0

I'm looking to compare two big sets of csv files and/or a csv file and a .txt file. I "think" the .txt file may need to be converted to a csv file just for simplicity sake but that may or may not be needed. I either want to use excel, c++, or python. I need to compare one "accepted" value list to a list that is measured and find the difference between them if there is one. Excel may be the easiest way to do this but python or c++ may work just as well. This is not homework so don't worry about that sort of thing. Code advice and/or templates is greatly appreciated. or links to websites

EDIT 1

I've read about Python's difflib or differ class but unfamiliar how to use it and may be more than I want.

EDIT 2

The Files both will have a series of columns(not with lines drawn between them or anything) and below those "named" columns there will be numbers. I need to compare the number in column 1 spot one in file one to column 1 spot one of file 2 and if there is a difference show the difference in another csv file

animuson
  • 53,861
  • 28
  • 137
  • 147
  • I think I would convert everything to CSV files, (something like this http://pypi.python.org/pypi/xlrd/0.5.2 would help) and compare the CSVs.

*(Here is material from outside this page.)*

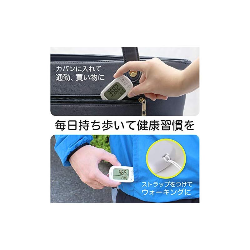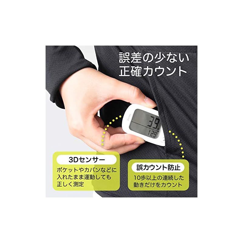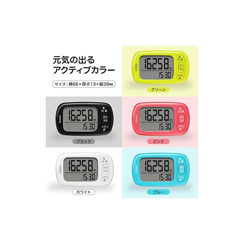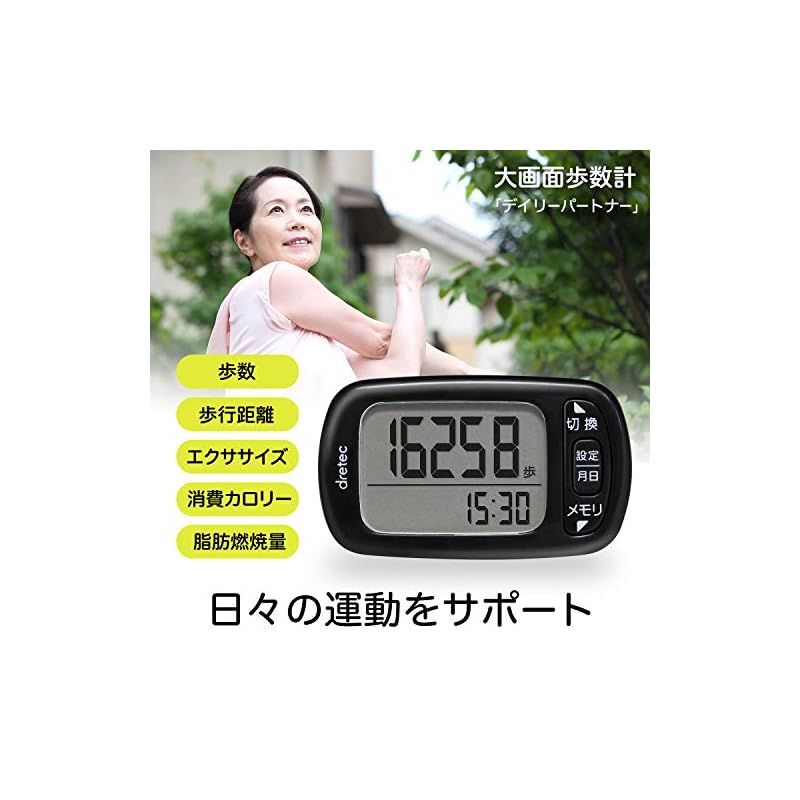 【商品概要】 【身近な健康管理に】毎日どのくらい歩いているのか、どれほど運動しているのか気になったことありませんか。運動不足気味の方や健康志向の方におすすめなのが歩数計です。歩数だけでなく消費カロリーや脂肪燃焼量、歩行距離、エクササイズ(Ex)の5項目で運動量を管理できます。30日間は記録が残るので、目標も立てやすく、毎日の習慣化に繋がります。日々のウォーキングを歩数計で管理してみませんか。 【ポケットやカバンに】ポケットやカバンなどに入れたまま運動しても計測できる3Dセンサーが内臓されています。動いている時も邪魔にならないので、思いっきり運動をすることができます。誤アカウントしないように10歩以上連続して歩いた場合だけ測定しますので、ほぼ正確な値を知れます。 【大画面表示】大きな文字で歩いた歩数を表示してくれる見やすい大画面タイプ。便利な時計表示付きです。ストラップなどを付けれるひも通し穴付。(ストラップは付属していません) 【アクティブカラー】男女を問わないシンプルな形状。ホワイト、ブラック、ピンク、ブルー、グリーンの5色。 【商品仕様】本体サイズ:高さ4.0cm×幅6.6cm×奥行き1.2cm、本体重量:24g、素材:ABS樹脂、アクリル、最大計測表示:99999歩 (歩数)、999.99km (歩行距離)、9999kcal (消費カロリー)、999.9g (脂肪燃焼量)、99.9Ex (エクササイズ)、電源:リチウム電池 (CR2032×1個) 【商品説明】 【商品詳細】 ブランド:ドリテック(dretec) 商品種別:歩数計 商品名:dretec(ドリテック) 歩数計 大画面 消費カロリー エクササイズ表示 3Dセンサー 30日間メモリー H-235WT ホワイト 製造元:dretec(ドリテック) 商品番号:H-235WT 発売日:2017年09月20日 商品内容:W6.6×D1.3×H3.9cm 色:ホワイト

Using CSV as the common denominator thats application and platform agnostic – tMC May 31 '11 at 18:18
  • It's a bit tricky to answer without more info - can you explain how the data is laid out in the files? – Thomas K May 31 '11 at 18:32
  • a heading for each of 5 columns under each column there are numbers and I need to compare each of the numbers under the 5 columns to numbers in the same spot on a different file and find a difference if there is one –  May 31 '11 at 18:35
  • "*I either want to use excel, c++, or python*" Well gee, that sure narrows it down. Pick one. – ildjarn May 31 '11 at 19:34
  • @ildjarn if you don't have anything to add to the answering of my question stay away please and I did that to bring in people from other programming backgrounds. You forgot to complain about me tagging python, c++, and excel as well –  May 31 '11 at 21:26
  • @Tyler31 : Actually that complaint was implied. ;-] Maybe you should be more receptive to criticism given the fact that you're not getting any high-quality answers. – ildjarn May 31 '11 at 21:32
  • ^^ what a waste of time. and arrogant –  Jun 01 '11 at 02:34
  • plain `awk` (or even `tr`) and `diff` would solve this problem with a (short) one liner in any unix-like environment. There are unix-like environments on windows. – Alexandre C. Jun 01 '11 at 08:49

2 Answers2

2

You can use ADO (ODBC/JET/OLEDB Text Driver) to treat 'decent' .txt/.csv/.tab/.flr files as tables in a SQL Database from every COM-enabled language. Then the comparisons could be done using the power of SQL (DISTINCT, GROUP, (LEFT) JOINS, ...).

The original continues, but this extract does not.